It's stated in the MAST intro documentation that it supports a full linear model to support arbitrary comparisons, etc. Does this extend as far as appropriately modeling ordered factors? If we were to analyze dose-response data should we use ordered factors to model those doses? We'd like to test for dose-responsive differential expression of genes. Is there a more appropriate way to model these data?
First off, in base R, I have only dabbled with the ordered factor contrasts so don't know them well enough to give reliable advice about how to interpret them.

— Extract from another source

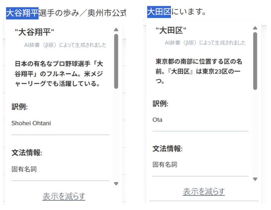 この方法で検索した場合は、辞書情報がサイドパネルのAI辞書セクションに表示されます。
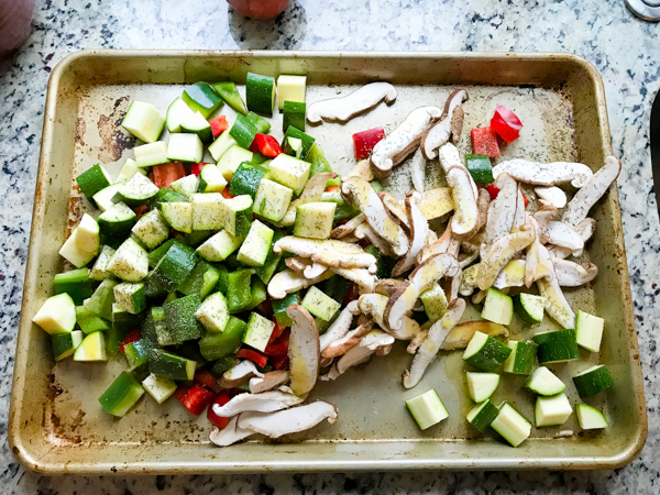 I’ve been doing a sheet pan of roasted vegetables every week lately, usually while I’m cooking Sunday or Monday night’s dinner (whichever requires the oven!). Then I have veggies to use for lunches or last-minute dinners all week long. This week’s was zucchini, two bell peppers, and a package of shiitake mushrooms that were to die for when they were roasted! So buttery-good. I drizzled olive oil, salt, pepper, and dill over the veg and roasted it for about 30 minutes.

That being said, there are two ways to apply them with MAST.
First, you can set the
contrasts attribute to the column of interest:
library(MAST) data(vbetaFA) table(colData(vbetaFA)$Time) # 0 3 6 12 # 91 94 94 177 contrasts(colData(vbetaFA)$Time) = 'contr.poly' zz = zlm(~Time, sca = vbetaFA) summary(zz)
[Note: AFAIK, you need evenly spaced factor levels for the polynomial contrasts to be interpretable.]
Second, you can use dummy coding, and then cook up whatever contrast you like to test with
contrasts(colData(vbetaFA)$Time) = 'contr.treatment' zz = zlm(~Time+0, sca = vbetaFA) cntr1 = Hypothesis("Time0-Time3") cntr2 = Hypothesis("2*Time6-Time0-Time3") lrTest(zz, cntr1) lrTest(zz, cntr2)
Although testing is relatively easy in this case, there's some functionality missing to easily derive the coefficient estimates.